La prima coppa da gelato
Quella che potrebbe definirsi la prima coppa da gelato è stata trovata in Egitto dentro una tomba della II dinastia (2.700 a.C.). Una specie di stampo, due coppe in argento, in una andava la neve (o il ghiaccio tritato), nell’altra la frutta cotta. Le “neviere”, luoghi dove conservare la neve e fabbricare il ghiaccio, sono in realtà un’invenzione molto antica.
Epoca romana

Nell’antica Roma esistevano dei pozzi per il ghiaccio e la neve che gli schiavi portavano dai monti. Tra le rovine di Pompei vi sono tracce che fanno pensare a negozi in cui si vendeva ghiaccio (proveniente dal Vesuvio) tritato e addolcito con miele.

II millennio
La raccolta di ghiaccio per la conservazione di alimenti è in uso in Giappone (dove l’imperatore Nintoku proclamò una giornata del ghiaccio) e in Cina da oltre mille anni. Nell’antica raccolta di odi Shih Ching si parla di un festival della raccolta del ghiaccio. Durante la Dinastia Tang si beveva una bevanda di latte (di capra, mucca o bufala) cotto con farina e canfora e messo in contenitori di ferro sotto neve o ghiaccio.Gli arabi preparavano bevande fredde con ciliegie, cotogne e melograni. La parola “sorbetto” proviene dal turco sherbet – bevanda fresca -, dall’arabo sharab, sorbire, bere.
Epoca Inca
Il primo “gelato” del continente americano è il gelato di “paila”, tradizione delle popolazioni native dell’Ecuador. I Caranqui (o Caras) fanno spedizioni per andare a prendere blocchi di ghiaccio e neve dalla cima del vulcano più vicino, l’Imbabura, e li confezionano in spessi strati di paglia e foglie di frailejón come isolanti termici. Il gelato si fa versando ghiaccio, neve e succhi di frutta in un grande paiolo chiamato “paila” – e a volte latte – mescolando velocemente fino a quando non si solidificava. Con questa tecnica ancestrale, via via perfezionatasi, gli helados de paila si preparano ancora oggi in modo tradizionale in alcune città dell’Ecuador, in particolare nell’odierna Imbabura.
Nel Rinascimento
Secondo la leggenda, la famiglia de’ Medici organizza un concorso per i piatti più originali che viene vinto da un tal Ruggeri, pollivendolo, con una ricetta di una composta raffreddata di acqua, zucchero e frutta probabilmente più simile a una granita o a una cremolata: “ghiaccio all’acqua inzuccherata e profumata”. Se poi fu proprio Caterina de’ Medici, in occasione delle nozze con il Duca d’Orleans, futuro Enrico II, a portar con sé Ruggeri e quest’arte Oltralpe, questo è oggetto di disputa.

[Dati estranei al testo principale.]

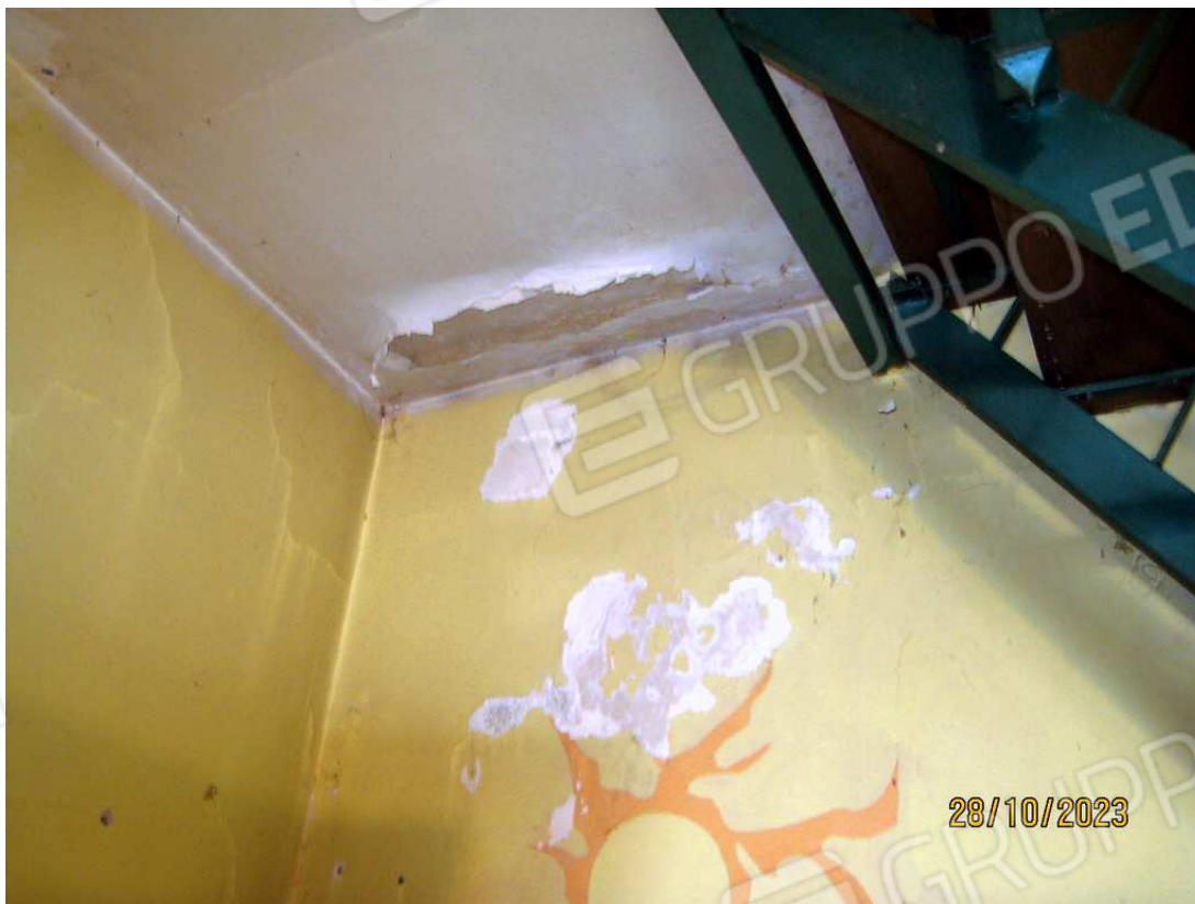
Foto n. 66. Umidità sulla parete contro il terrapieno di Via S. Antonio.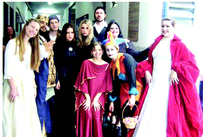
Durante o ano letivo o curso de Letras oferece inúmeras e variadas oportunidades de formação aos alunos além da sala de aula

O curso de Letras do UniAnchieta é reconhecido pela avaliação do MEC com nota 4 no ENADE, o que lhe conferiu em 2011, novamente, o reconhecimento por esse Ministério do Governo Federal (Portaria nº 295, de 28/07/2011 (R)) para a continuidade da oferta de vagas e funcionamento. Desde sua primeira turma, em 1973, o curso é oferecido no período noturno na modalidade Licenciatura, com aulas presenciais, contando hoje com 60 vagas anuais. Poderá ser integralizado em 6 (seis) semestres, equivalentes a 3050 horas/ aula/ e atividades acadêmico-científicas, das quais 400h são destinadas ao Estágio Supervisionado (Língua Portuguesa e Inglesa) e 200h às Atividades Complementares, além das 50h (mínimo) destinadas ao Trabalho de Curso desenvolvido sob orientação de um docente e defendido pelo aluno que se prepara para receber o certificado que lhe confere a graduação em Letras.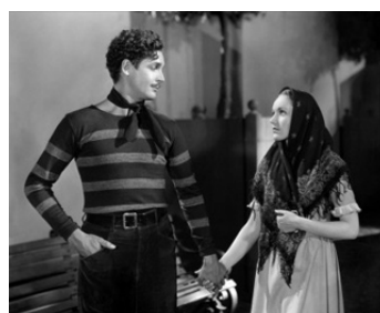
1930 LILIOM (Liliom) de Frank Borzage avec Rose Hobart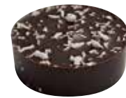
COCO Intérieur à la noix de coco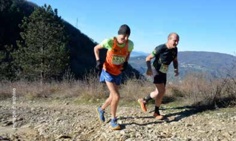
immagini di archivio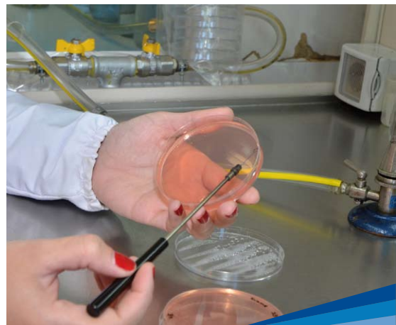
Aislamiento de bacterias en cámara de flujo

* La generación de conocimiento para una óptima expresión agronómica de la fijación biológica de nitrógeno en soja y leguminosas forrajeras.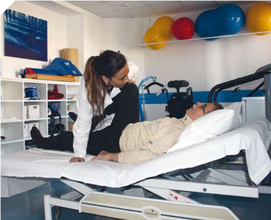
Urizaratorre cuenta con un amplio gimnasio de rehabilitación.

Los espacios de la residencia son amplios, lo que permite la movilización fácil y cómoda de todas las personas. En la planta baja se encuentra el gimnasio, una zona de centro de día y el comedor con una terraza exterior; la cocina donde se elabora la comida a diario y un almacén. En el primer piso está la zona de administración con despachos para rehabilitación y una sala con ordenadores y biblioteca. En la segunda y tercera plantas se encuentran las habitaciones de los residentes.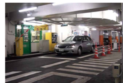
車利用型 EMV 決済の実験の様子

「高速道路サグ部の交通円滑化サービス」では、高速道路サグ部(道路勾配が上り方向へと次第に変化する区間)における交通流を円滑化するためのサービスについて、デモンストレーションを行います。デモンストレーションでは、ACC (Adaptive Cruise Control: 車速や車間を一定に維持する技術)と ITS スポットとの連携により車間時間を適正化するサービスや、CACC (Cooperative Adaptive Cruise Control: ACC に加え車車間通信により精密に車間距離制御を行う技術)と ITS スポットとの連携によるスムーズな隊列走行を首都高速道路上で体験していただきます。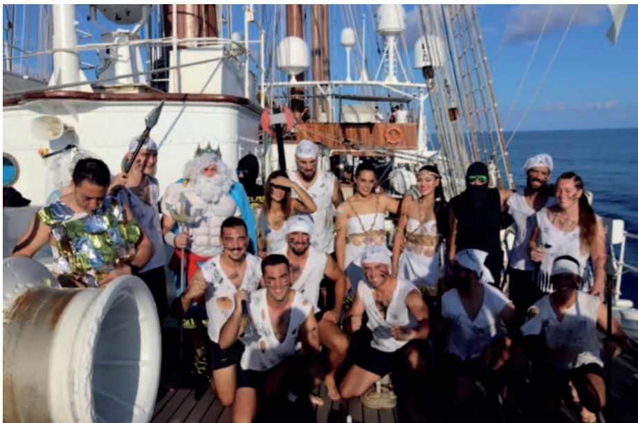
Fiesta del paso del ecuador.

El viaje prosiguió en demanda del estrecho de Magallanes, un punto de inflexión en el viaje, donde el 18 de octubre el buque participaría en los actos organizados para conmemorar el 500 aniversario del descubrimiento del Estrecho en Punta Arenas, donde se esperaban obtener respuestas sobre lo que depararía el resto de la navegación.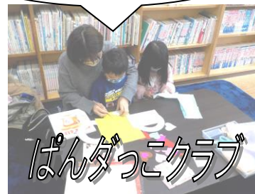
ぱんだっこクラブ

Altra leggenda in bilico con la realtà è quella dell’architetto Bernardo Buontalenti e la sua firma su un dessert ghiacciato offerto a Carlo V, re di Spagna, per una celebre festa di inaugurazione di Forte Belvedere da Cosimo I de’ Medici nel 1559. Per quest’occasione alcuni reputano Buontalenti il vero inventore del gelato: una crema fredda a base di latte, miele, tuorlo d’uovo, un tocco di vino, aromatizzata con bergamotto, limoni ed arance. Di sicuro, questa è la base della “crema Fiorentina” o “gelato Buontalenti” che ancora oggi si può gustare in tutte le migliori gelaterie di Firenze. Sembra anche che il Buontalenti sia arrivato a costruire un macchinario formato da pale fatte ruotare a manovella per mantecare il composto e da un cilindro – intorno a cui veniva lavorato il gelato – in cui era messo il ghiaccio.
1674
Il francese Nicolas Lemery cita la prima ricetta in francese di ghiaccio aromatizzato nel libro Recueil de Curiosités les plus rares et admirables, una raccolta di curiosità naturalistiche varie.
1685- 1686
“Cantinette e cantimplore stieno in pronto a tutte l’ore, con forbite bombolette chiuse e strette tra le brine delle nevi cristalline. Son le nevi il quinto elemento che compongono il vero bevere: ben è folle chi spera ricevere senza nevi nel bere un contento”. Così lo scienziato poeta Francesco Redi s’esprime nel poema Arianna inferma sulla bontà delle bevande ghiacciate. La bomboletta è un vaso di vetro col collo torto da immergere nel ghiaccio o nella neve per rinfrescare il vino (il giardino del Granduca aveva una collinetta adibita a ghiacciaia). La cantimplora è un vaso di vetro che ha nel mezzo un vano nel quale si mettono pezzi di ghiaccio, o di neve, per raffreddare il vino contenuto, e un lungo e grosso collo che sorge da un fianco come un annaffiatoio; Lorenzo Magalotti la definisce più avanti una sorbettiera ampia e dorata (l’ambasciatore dei Medici a Vienna nelle sue Canzonette anacreontiche del 1723 descrive, in versi, le prime rudimentali gelatiere e i sorbetti che allora si conoscevano).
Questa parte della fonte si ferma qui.